Probability of independent events within a specified window So I have an event that can occur on a daily basis with probabilty 1%. There is no dependence between days. Now I can calculate the probabality of the event occuring X times in Y days:
  COMBIN(Y,X) * (0.01 ^ X) * [0.99 ^ (Y - X)]

where COMBIN() is the number of combinations for X in Y. Now what I'd like to calculate is the probablity of X events in any Y window for the last Z days, e.g what is the probability of 5 events occuring in at least one 30 day window during the last 10 years. Any assistance much appreciated.
Thanks  
Note: Original question edited to add "at least" qualifier per MansT suggestion below.

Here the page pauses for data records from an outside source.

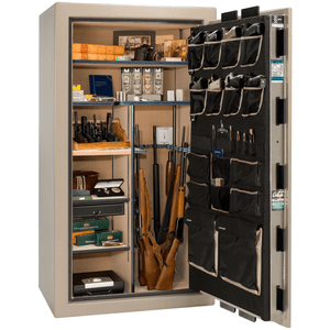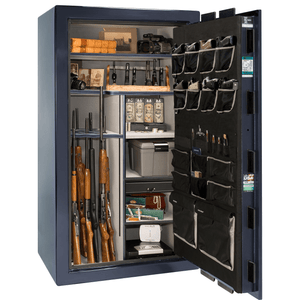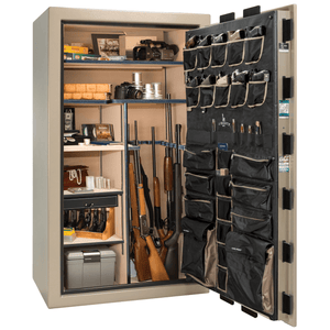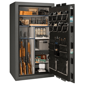 Featuring Liberty's innovative 4-in-1 Flex™ configurable interior, the Lincoln provides storage space for up to 50 long guns alongside shelving for handguns and smaller valuables. This safe exudes sophistication and is loaded with high-end touches, including a factory-installed deluxe door storage panel and a 5-spoke Suretight handle.
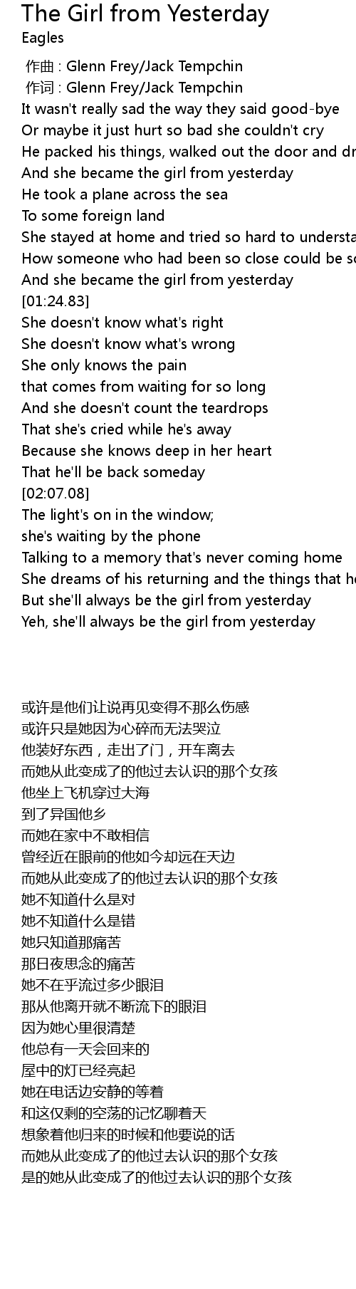 | [03:06.39] | Yeh, she' ll always be the girl from yesterday |
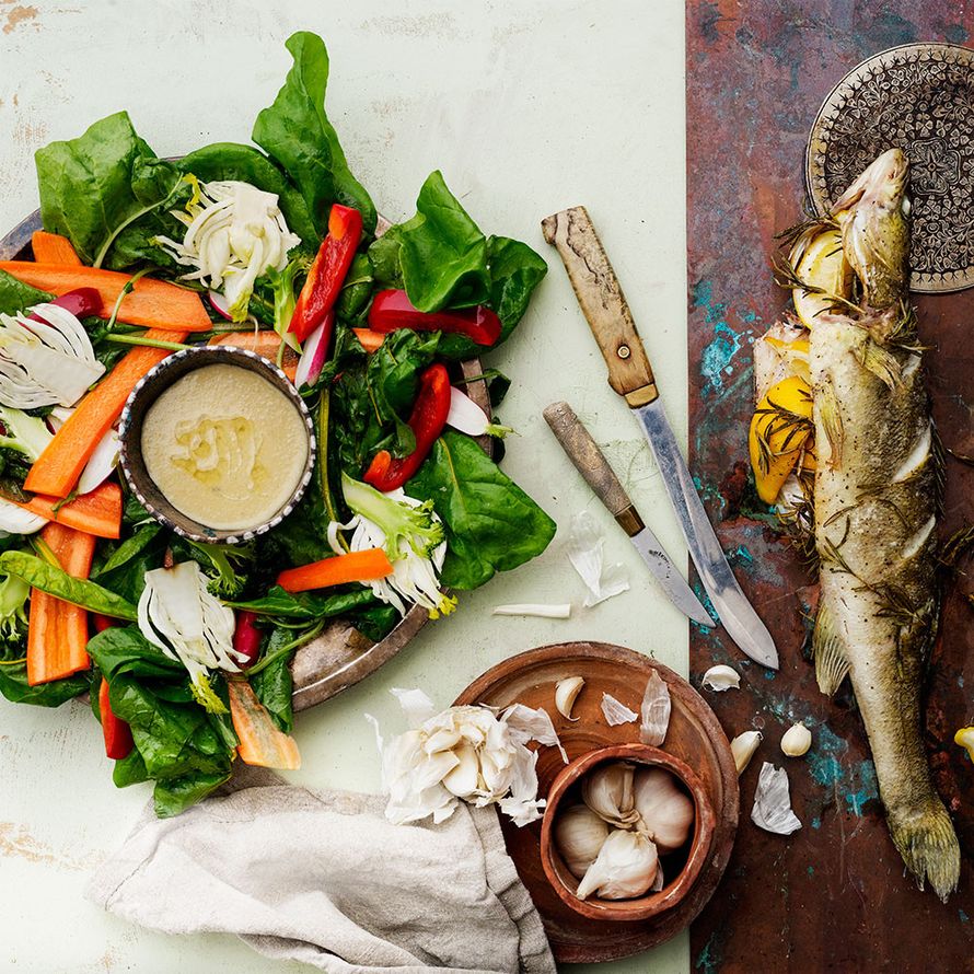 - Käsittele sillä välin kasvikset: Kuori porkkanat. Viipaloi ne, fenkoli, parsakaali ja retiisit jääveteen. Suikaloi paprika. Huuhtele mangoldinlehdet. Siivilöi vihannekset ja mausta oliiviöljyllä ja sormisuolalla.
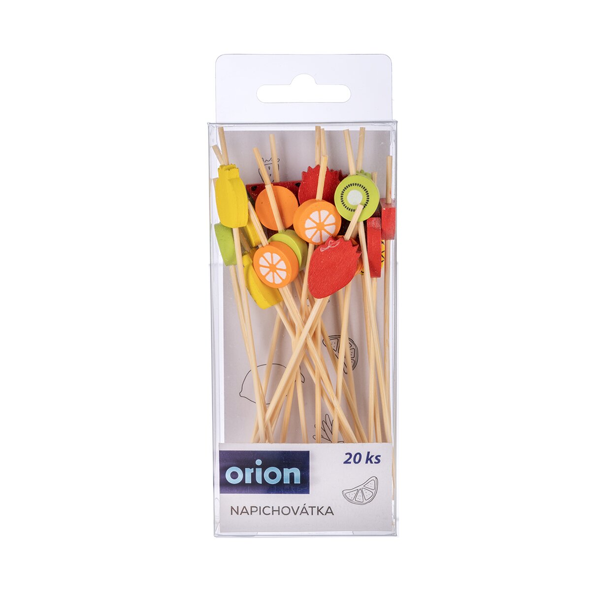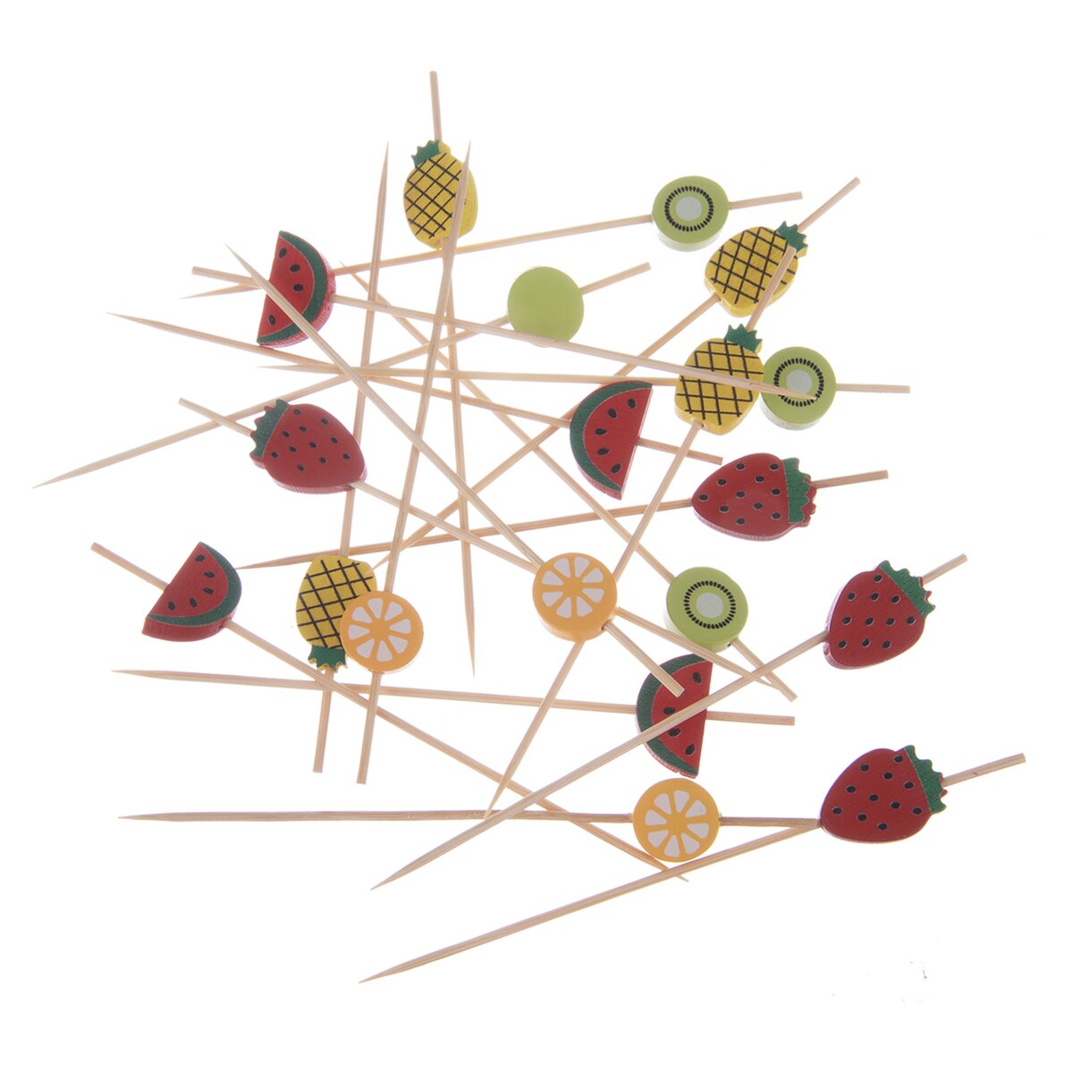 Kód produktu 151614Bambusová napichovátka s barevnou ozdobou ve tvaru OVOCE využijete při servírování drobného slaného nebo sladkého pohoštění při různých příležitostech. Jsou v sadě 20 ks a mají délku 12 cm.

 A: If the days are truly independent as you say then let us denote an event A as X events in any Y day period and denote P(A), the probability of X events in Y days:
P(A) = COMBIN(Y,X) * (0.01 ^ X) * [0.99 ^ (Y - X)]
This is true for any Y day window provided the probability of an event occurring is not time dependent.
Then you can apply the Binomial probability again to the event A.  We have to be careful because now the event A is not independent for overlapping windows, i.e. for a window of length 10, the probability of event A on days 1-10 is not independent of days 2-11.  Thus the following is assuming non-overlapping windows to ensure independence.  Now,  because you want the probability of at least one non-overlapping window having an event, it is easier to do:
1 - P(no overlapping windows satisfying event A).
Let n be the number of non-overlapping windows of size Y in time period Z.  Then the probability of X events in a non-overlapping window of size Y over a time period Z is:

1 - COMBIN(n,0) * P(A)^0 * [1-P(A)]^(Y-0)
= 1 - n * [1-P(A)]^Y